## YOUR INSTRUCTIONS
Please give back only the lines below from the one containing "大人気!「グリンカレー(ゲー" to the one containing "이번 공모전은 법률지식·운전태도·경제운전", each repeated word for word, both ends included.

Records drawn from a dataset
• • • • • • •

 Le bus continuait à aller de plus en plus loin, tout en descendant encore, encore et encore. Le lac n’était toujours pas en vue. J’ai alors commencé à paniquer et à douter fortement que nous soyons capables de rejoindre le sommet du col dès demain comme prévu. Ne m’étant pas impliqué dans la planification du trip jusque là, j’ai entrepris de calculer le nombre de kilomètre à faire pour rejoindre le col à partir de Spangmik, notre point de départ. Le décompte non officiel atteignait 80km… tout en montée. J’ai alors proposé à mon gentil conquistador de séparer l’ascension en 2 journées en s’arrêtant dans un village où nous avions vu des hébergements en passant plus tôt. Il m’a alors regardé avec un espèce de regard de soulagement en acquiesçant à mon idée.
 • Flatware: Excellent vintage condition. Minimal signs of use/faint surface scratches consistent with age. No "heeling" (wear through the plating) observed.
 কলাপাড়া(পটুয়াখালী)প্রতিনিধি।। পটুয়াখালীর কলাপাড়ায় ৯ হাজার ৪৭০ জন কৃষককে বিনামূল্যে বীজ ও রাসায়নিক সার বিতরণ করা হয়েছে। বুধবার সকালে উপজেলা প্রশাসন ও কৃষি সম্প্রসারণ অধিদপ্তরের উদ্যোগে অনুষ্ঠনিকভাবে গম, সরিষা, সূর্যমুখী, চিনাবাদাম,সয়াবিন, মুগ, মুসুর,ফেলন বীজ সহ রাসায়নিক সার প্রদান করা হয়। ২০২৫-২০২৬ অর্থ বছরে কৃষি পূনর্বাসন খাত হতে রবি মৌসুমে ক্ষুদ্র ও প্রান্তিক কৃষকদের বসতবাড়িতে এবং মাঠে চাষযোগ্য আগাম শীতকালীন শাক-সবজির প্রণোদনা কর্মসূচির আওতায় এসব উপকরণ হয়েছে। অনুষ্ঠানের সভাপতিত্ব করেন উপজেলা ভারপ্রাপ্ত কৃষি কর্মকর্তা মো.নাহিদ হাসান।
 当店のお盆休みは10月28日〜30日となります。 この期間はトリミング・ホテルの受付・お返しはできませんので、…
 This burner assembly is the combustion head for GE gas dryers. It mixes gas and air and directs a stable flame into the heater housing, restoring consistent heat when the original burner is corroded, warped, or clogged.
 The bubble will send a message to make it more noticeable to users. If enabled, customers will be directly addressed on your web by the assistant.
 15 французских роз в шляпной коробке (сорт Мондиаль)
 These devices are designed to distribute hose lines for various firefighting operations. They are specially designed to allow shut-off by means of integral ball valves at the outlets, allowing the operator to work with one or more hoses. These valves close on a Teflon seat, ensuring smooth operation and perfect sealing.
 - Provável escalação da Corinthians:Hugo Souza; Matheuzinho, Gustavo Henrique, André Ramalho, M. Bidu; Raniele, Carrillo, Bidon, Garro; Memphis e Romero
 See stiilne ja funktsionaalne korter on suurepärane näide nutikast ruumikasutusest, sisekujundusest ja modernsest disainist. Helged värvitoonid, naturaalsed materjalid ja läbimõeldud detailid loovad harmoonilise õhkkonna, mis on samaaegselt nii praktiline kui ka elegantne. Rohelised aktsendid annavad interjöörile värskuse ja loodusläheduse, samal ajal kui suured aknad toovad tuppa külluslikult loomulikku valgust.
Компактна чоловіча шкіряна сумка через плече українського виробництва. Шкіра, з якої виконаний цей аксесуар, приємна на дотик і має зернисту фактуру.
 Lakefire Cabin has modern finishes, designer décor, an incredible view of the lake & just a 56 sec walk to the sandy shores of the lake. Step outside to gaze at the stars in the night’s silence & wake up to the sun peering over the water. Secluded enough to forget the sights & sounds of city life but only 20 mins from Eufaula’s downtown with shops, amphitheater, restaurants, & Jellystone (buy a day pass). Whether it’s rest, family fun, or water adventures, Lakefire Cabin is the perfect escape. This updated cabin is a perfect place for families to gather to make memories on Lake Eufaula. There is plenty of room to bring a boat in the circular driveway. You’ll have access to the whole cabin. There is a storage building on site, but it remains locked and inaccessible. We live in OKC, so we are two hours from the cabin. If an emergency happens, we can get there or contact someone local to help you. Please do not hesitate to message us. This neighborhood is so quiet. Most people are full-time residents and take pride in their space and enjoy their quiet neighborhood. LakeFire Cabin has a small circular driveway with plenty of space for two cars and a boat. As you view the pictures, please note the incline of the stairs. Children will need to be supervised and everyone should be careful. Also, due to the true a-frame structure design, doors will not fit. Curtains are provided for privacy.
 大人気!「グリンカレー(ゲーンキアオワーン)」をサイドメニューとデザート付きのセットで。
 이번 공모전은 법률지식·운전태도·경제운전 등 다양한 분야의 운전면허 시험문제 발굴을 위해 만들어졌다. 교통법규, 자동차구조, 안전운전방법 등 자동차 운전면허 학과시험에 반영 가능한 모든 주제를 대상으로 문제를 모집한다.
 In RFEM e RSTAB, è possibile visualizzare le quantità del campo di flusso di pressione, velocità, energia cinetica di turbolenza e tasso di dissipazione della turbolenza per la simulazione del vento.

• • • • • • •

## SOLUTION TO THE PROBLEM
 大人気!「グリンカレー(ゲーンキアオワーン)」をサイドメニューとデザート付きのセットで。
 이번 공모전은 법률지식·운전태도·경제운전 등 다양한 분야의 운전면허 시험문제 발굴을 위해 만들어졌다. 교통법규, 자동차구조, 안전운전방법 등 자동차 운전면허 학과시험에 반영 가능한 모든 주제를 대상으로 문제를 모집한다.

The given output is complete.